A recent Gartner study found 19% of organizations are heavily investing in Agentic AI, with 15% of daily work decisions expected to be autonomous by 2028. For business leaders, Agentic AI provides faster decision-making, streamlined operations, and a competitive edge, marking a new era of intelligent systems.

What is agentic AI?

Agentic AI refers to artificial intelligence systems that can act independently to achieve goals, much like a human agent or assistant would. Instead of simply responding to direct commands, these AI systems can plan, make decisions, and take actions independently to complete complex tasks.

Traditional AI and ML-powered tools, such as recommendation systems and fraud detection, solve specific problems with data-driven insights. Generative AI took it further, creating text, images, and even code, like chatbots that write emails or design graphics. However, these technologies often require human guidance to function effectively, and their overuse has made the terms "AI" and "ML" feel less exciting. Unlike traditional AI, which follows strict instructions for tasks such as analyzing sales data, or generative AI, which creates content based on prompts, Agentic AI thinks and acts independently. Agentic AI can set sub-goals, make strategic decisions, adapt to changing circumstances, and persist toward objectives even when encountering obstacles.

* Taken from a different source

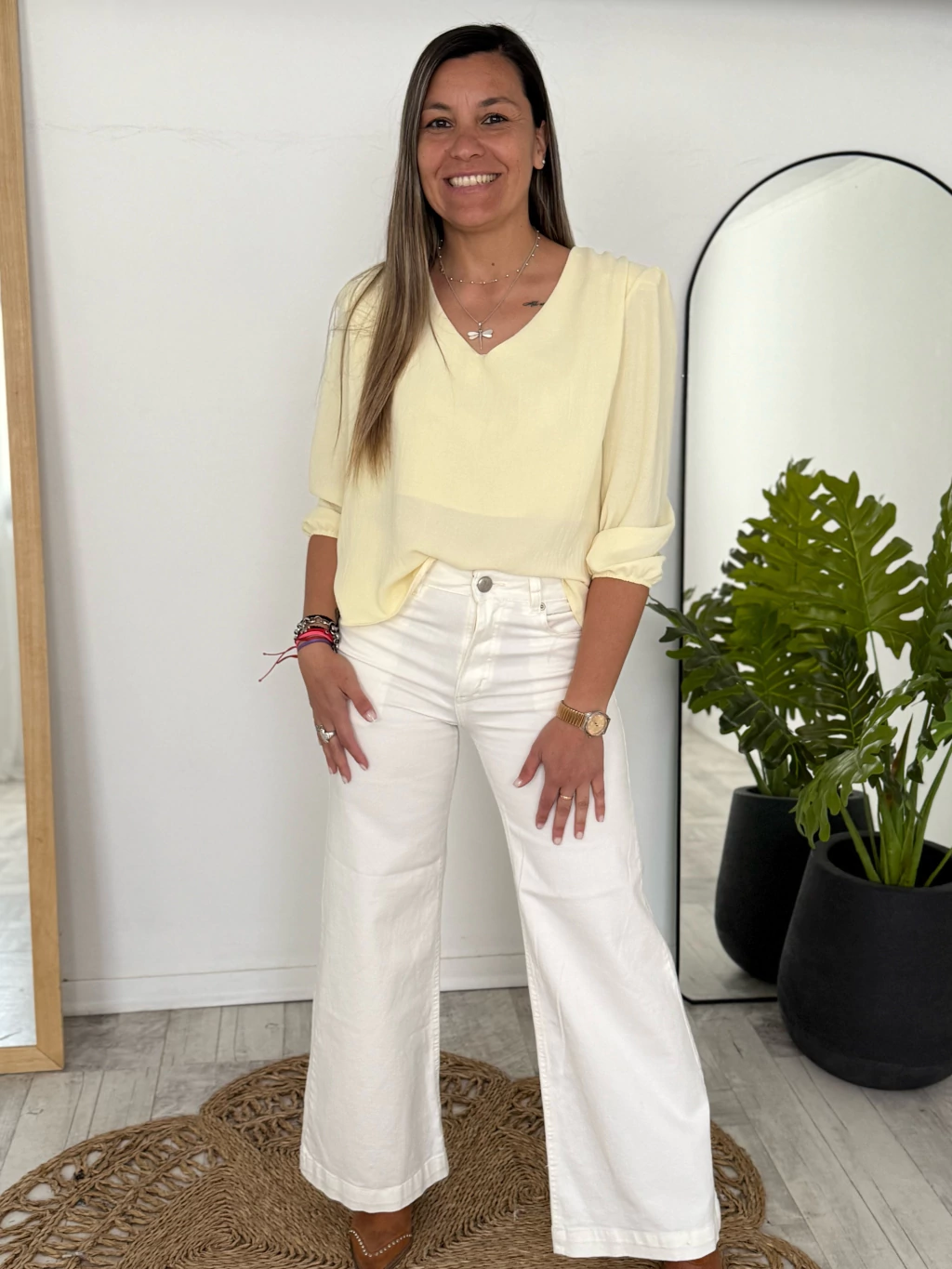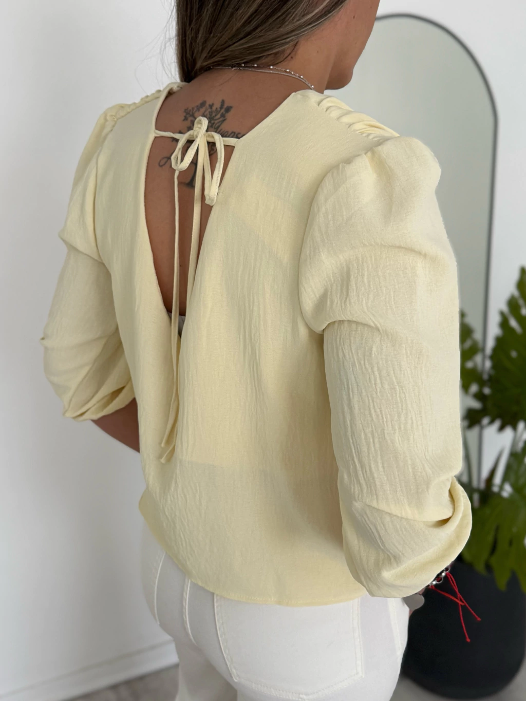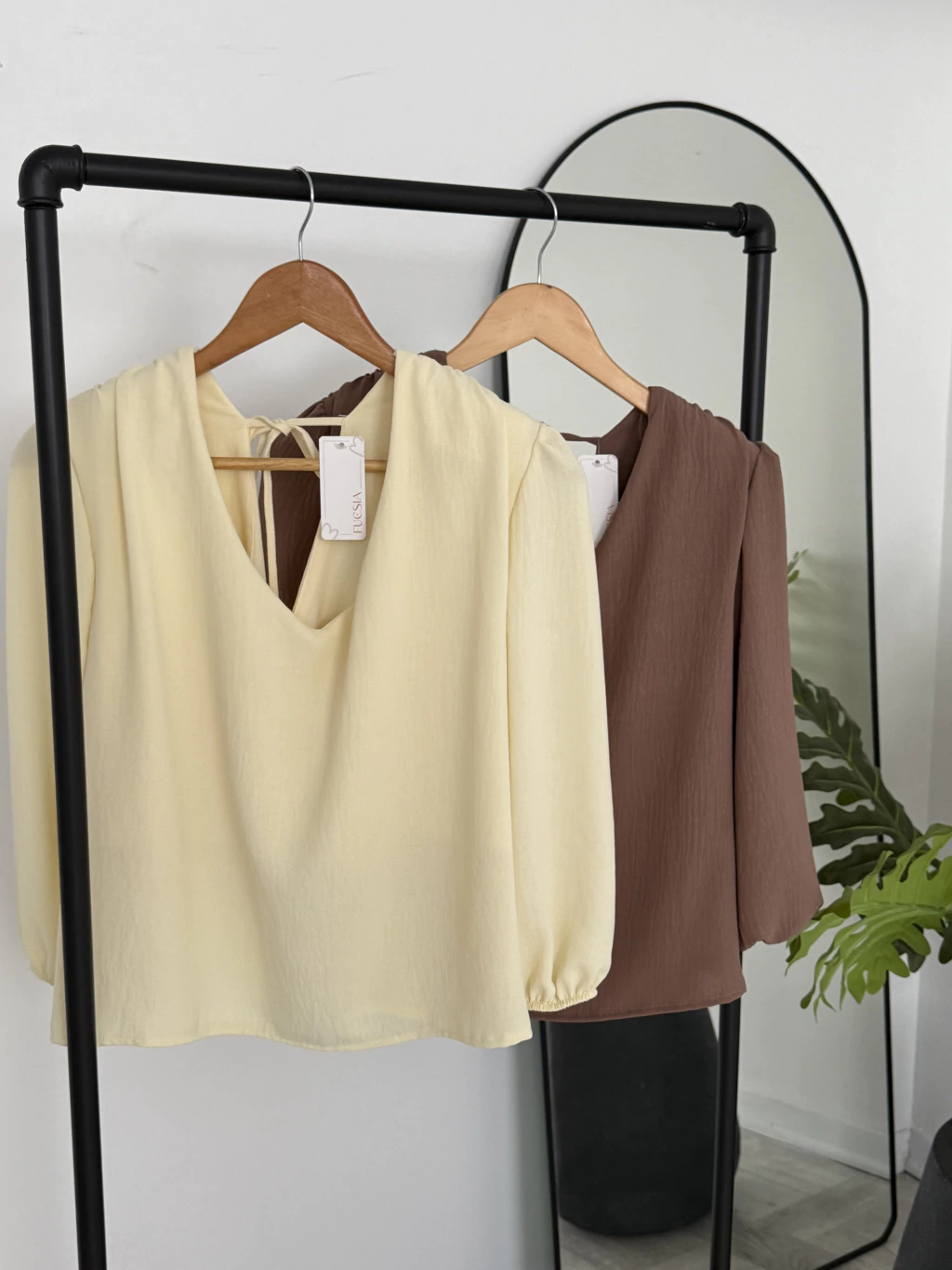 ✨ Esta blusa en tonos chocolate y amarillo combina hombreritas con un escote en V súper favorecedor. Perfecta para esas ocasiones en las que querés destacar sin esfuerzo.

For example, traditional AI can predict customer demand, but Agentic AI could go a step further and decide how to restock inventory, negotiate with suppliers, and handle shipping delays. This AI autonomy is revolutionizing the game by providing intelligent systems that reduce costs, save time, and make businesses more agile and efficient.

How does agentic AI work?

Agentic AI uses a several-step process for problem-solving:

  • Perceive: It gathers data from sources like sensors, databases, APIs, or user interactions. Using natural language processing (NLP), it identifies key patterns and insights, ensuring it has the correct information to act. For non-technical readers, think of this as the AI "scanning" its surroundings to understand what's happening.

  • Reason: A large language model (LLM) serves as the brain, making sense of tasks and crafting solutions. It coordinates specialized tools for tasks such as generating content or analyzing images, utilizing techniques like retrieval-augmented generation (RAG) to retrieve relevant data. This means advanced algorithms that analyze context and plan actions effectively.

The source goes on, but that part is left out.